Source data -

* * * * * * *

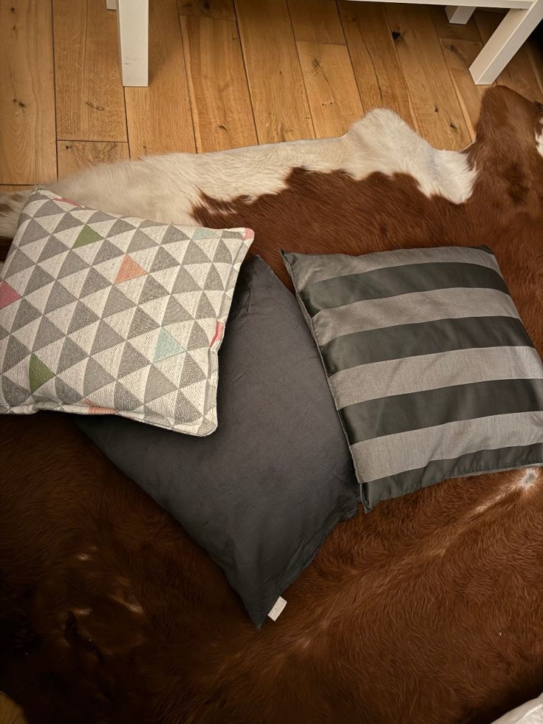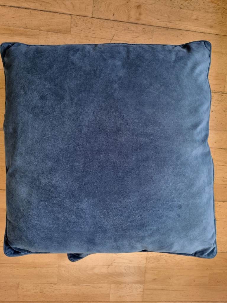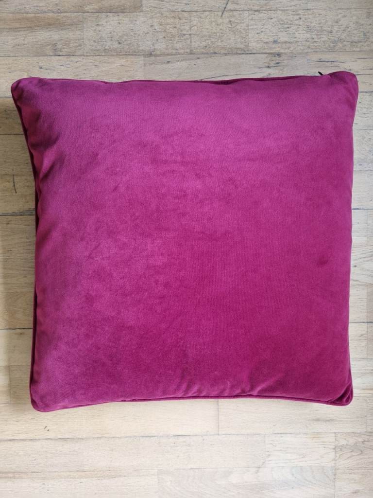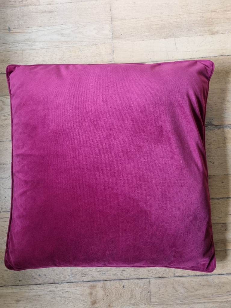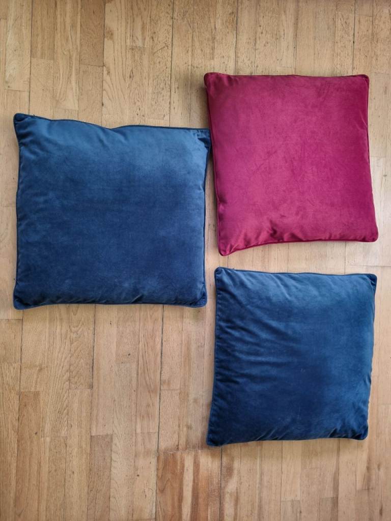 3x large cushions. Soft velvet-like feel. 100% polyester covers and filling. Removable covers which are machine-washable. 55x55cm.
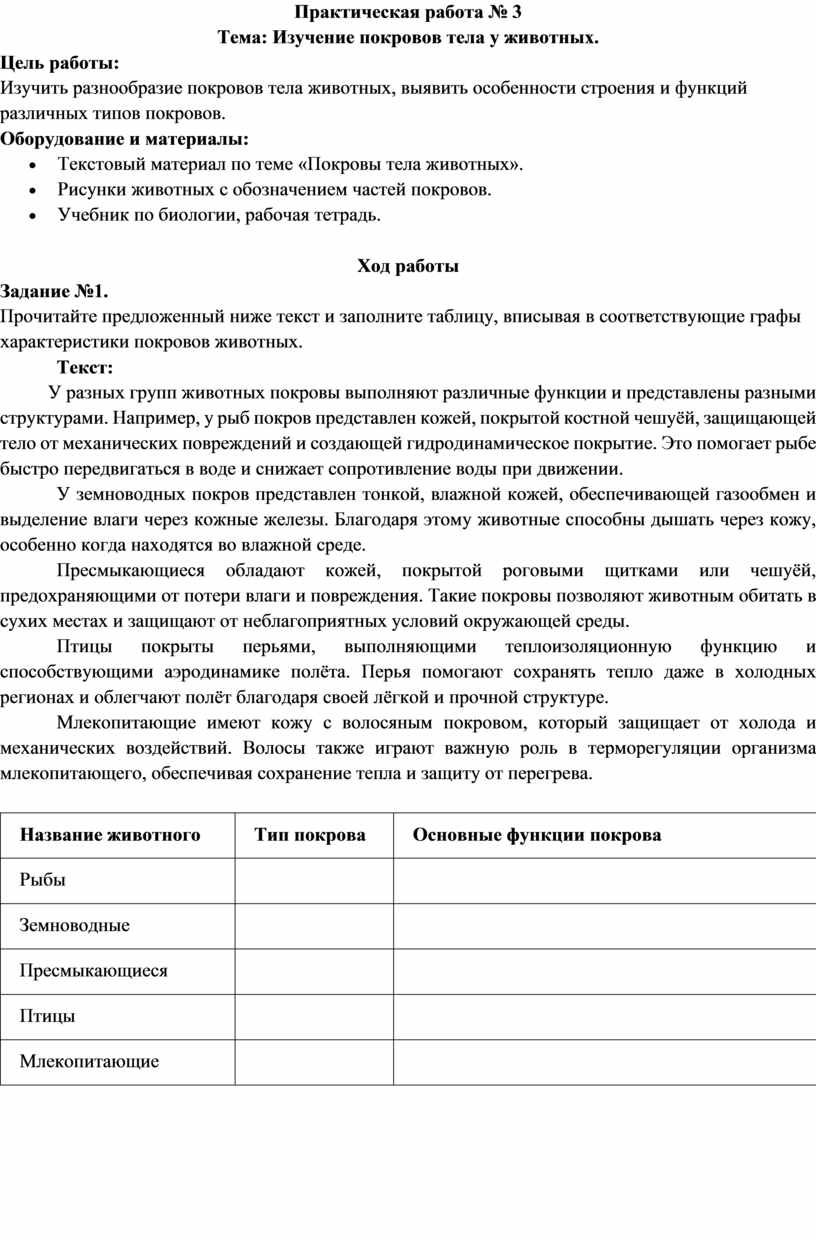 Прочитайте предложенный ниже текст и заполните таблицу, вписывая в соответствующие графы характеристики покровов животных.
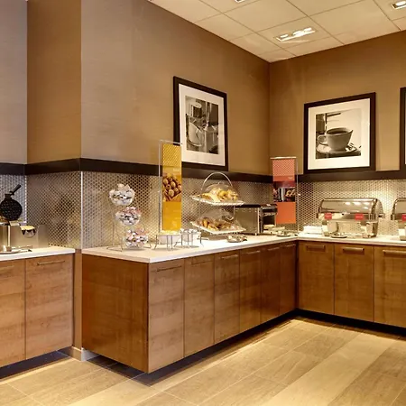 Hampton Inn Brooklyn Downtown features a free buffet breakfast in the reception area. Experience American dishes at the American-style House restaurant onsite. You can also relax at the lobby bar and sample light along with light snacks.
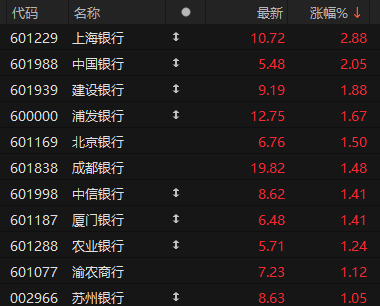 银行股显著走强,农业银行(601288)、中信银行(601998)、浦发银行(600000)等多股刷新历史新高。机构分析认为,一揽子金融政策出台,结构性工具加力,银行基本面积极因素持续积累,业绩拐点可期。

* * * * * * *

Each line above is to be copied verbatim. Drop any image from the copy.

Finished exercise -
 3x large cushions. Soft velvet-like feel. 100% polyester covers and filling. Removable covers which are machine-washable. 55x55cm.
 Прочитайте предложенный ниже текст и заполните таблицу, вписывая в соответствующие графы характеристики покровов животных.
 Hampton Inn Brooklyn Downtown features a free buffet breakfast in the reception area. Experience American dishes at the American-style House restaurant onsite. You can also relax at the lobby bar and sample light along with light snacks.
 银行股显著走强,农业银行(601288)、中信银行(601998)、浦发银行(600000)等多股刷新历史新高。机构分析认为,一揽子金融政策出台,结构性工具加力,银行基本面积极因素持续积累,业绩拐点可期。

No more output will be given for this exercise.